At $100k/year, the cost of living is more or less similar in all three countries. The weight of benefits and subsidized services is lower, because they take a smaller fraction of your income. The US may still be more expensive if you have kids, but it can also be cheaper if you don't have them and are never going to get then. The UK may also be a bit cheaper than Finland due to lower taxes.

At $200k/year, the US is the cheapest country and Finland is the most expensive one, primarily due to taxes.


Do you mind sharing a link to some data that you feel illustrates this? Pretty interesting.


The 42k AUD a year is equivalent to many professional jobs in the EU


I dont think this comparison is as relevant as youre presenting it to be - why concern ourselves with the rest of the world when the GP and the linked article are US centric? Furthermore - why would someone struggling and feeling enslaved care one bit about how much harder anyone has it?


The abolitionist and former slave Frederick Douglass had this to say on the subject of wage labor[1]:

> [E]xperience demonstrates that there may be a slavery of wages only a little less galling and crushing in its effects than chattel slavery, and that this slavery of wages must go down with the other

From Wikipedia[1]:

> Douglass went on to speak about these conditions as arising from the unequal bargaining power between the ownership/capitalist class and the non-ownership/laborer class within a compulsory monetary market: "No more crafty and effective devise for defrauding the southern laborers could be adopted than the one that substitutes orders upon shopkeepers for currency in payment of wages. It has the merit of a show of honesty, while it puts the laborer completely at the mercy of the land-owner and the shopkeeper"

[1] https://en.wikipedia.org/wiki/Wage_slavery#History


So what, even if Amazon pays slightly above a minimum living wage, the working conditions are extremely bad (e.g. no adequate toilets, extremely long walking times towards the break room, drivers being forced to piss in bottles, employees being pitted against each other by a relentless algorithm without respect for differences in age, body strength or whatever).

Given that the social security system in the US (and to be fair, even in Europe) is pretty lacking and Amazon (as well as Walmart) is setting up shop exclusively in areas with high unemployment, it can very well be said that people have the free choice to work at Amazon instead of another employer that treats their workers better, so yes it is perfectly valid to call it "de facto indentured servitude".

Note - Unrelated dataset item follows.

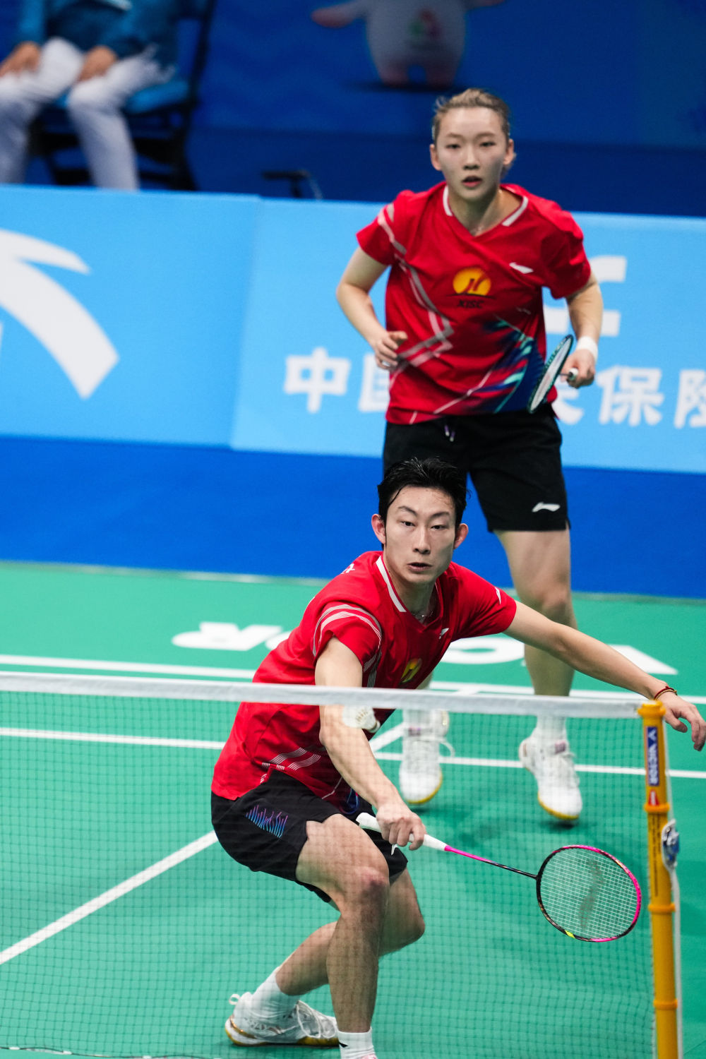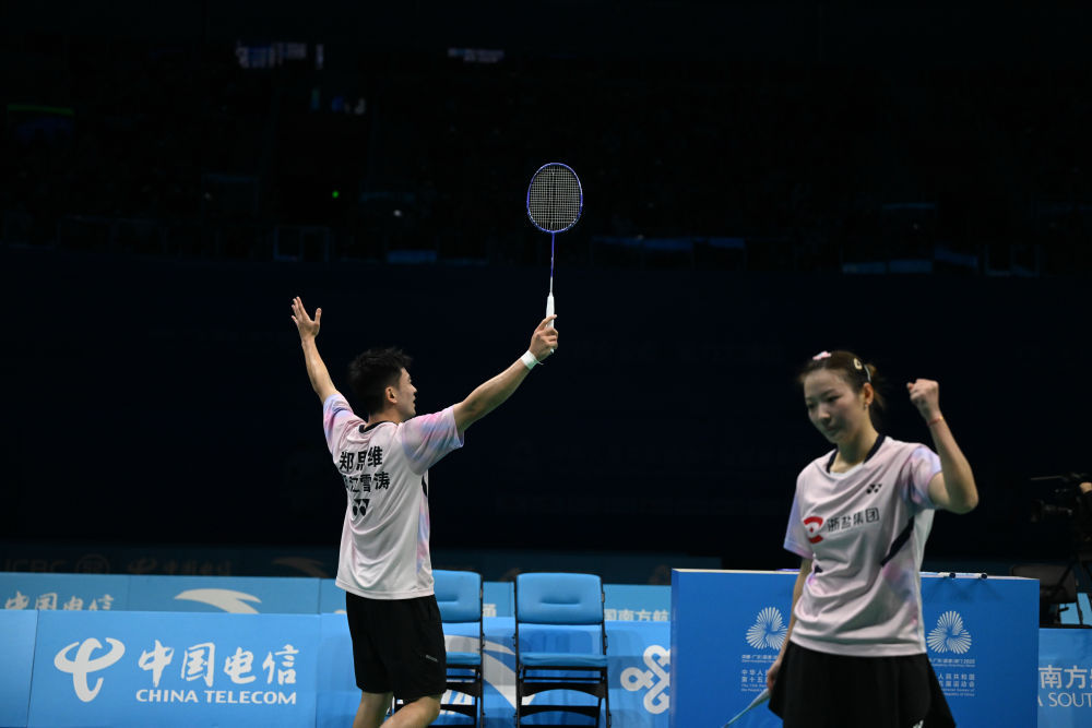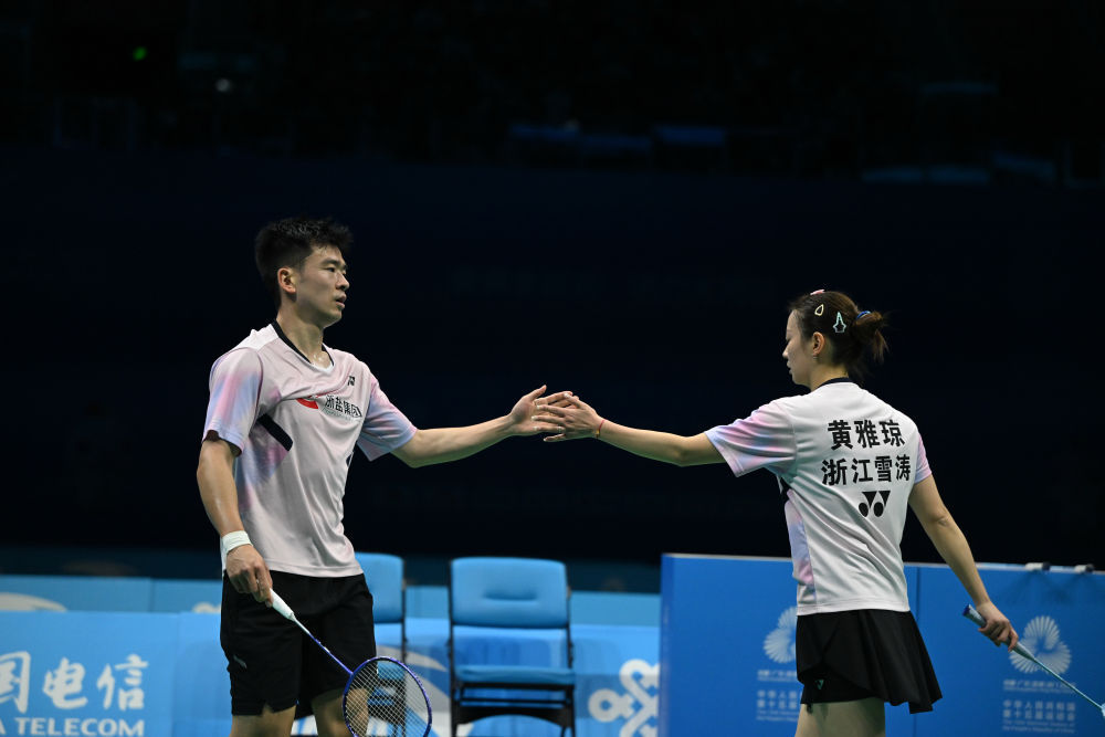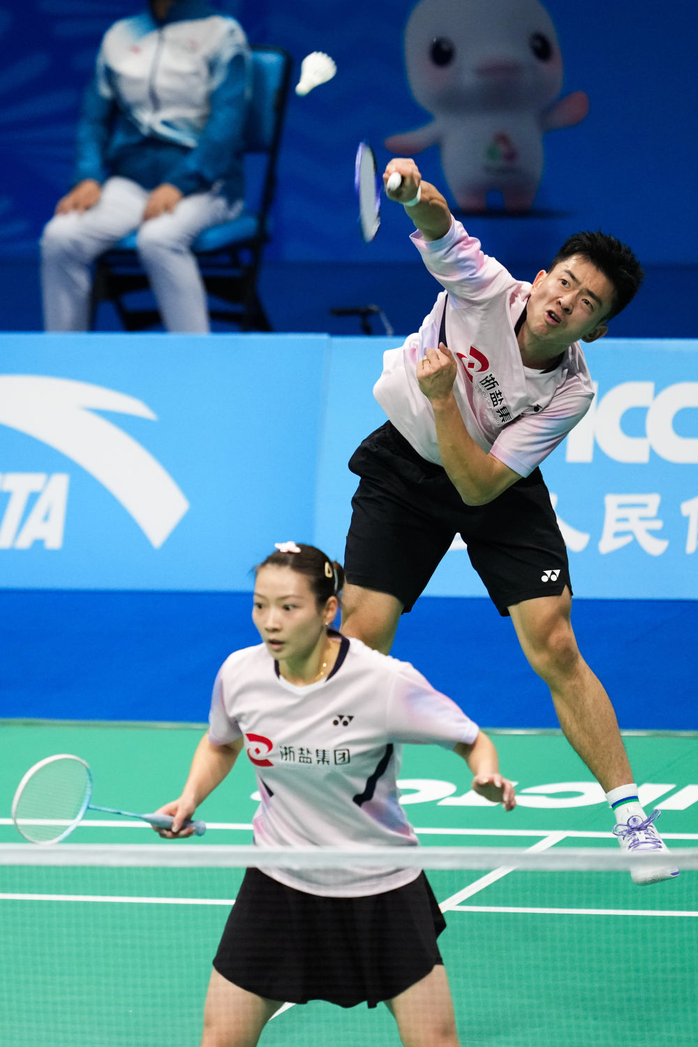 11月20日,在广东深圳举行的第十五届全国运动会羽毛球混合双打决赛中,浙江队组合郑思维/黄雅琼2比0战胜湖南队组合周志宏/魏雅欣,获得冠军。

> is setting up shop exclusively in areas with high unemployment,

How is that a negative? Would you prefer for those people to stay unemployed?


Also, it’s not true.


>> extremely long walking times towards the break room

This is a thing??


> Americans are just so rich they are out of touch with reality.

It’s this one. As a Canadian, I can’t take anything they say seriously about their housing “crisis” or cost of living. Almost everything is more expensive in Canada and most jobs pay a lot less, but things are still not really that bad, so I know that the Americans just like to complain.

The only way it’s possible for an American to struggle financially is if they do it on purpose.


The irony here is that so many Americans will say "I'll move to Canada if things don't get better here." None of them have ever lived in Canada (or any other country), and just assume that things must be better elsewhere.

The Greatest Generation was exceptionally patriotic, and I always assumed it had to do with living in a country that suffered much less industrial damage in WWII than other countries (which enabled a great standard of living while everyone else was still rebuilding). But I am starting to wonder how much of this has to do with just simply having spent a couple of years abroad and getting to witness first-hand how dysfunctional most other places are (during and in-between wars).


> Almost everything is more expensive in Canada

Everything except the most expensive things. Paying 20% more for cheese is fine when you're saving 95% on healthcare.


I think Canada still comes out ahead… in the US:

* high monthly premiums for healthcare with high deductibles (I pay 14k a year with a 5k deductible for each person in my family)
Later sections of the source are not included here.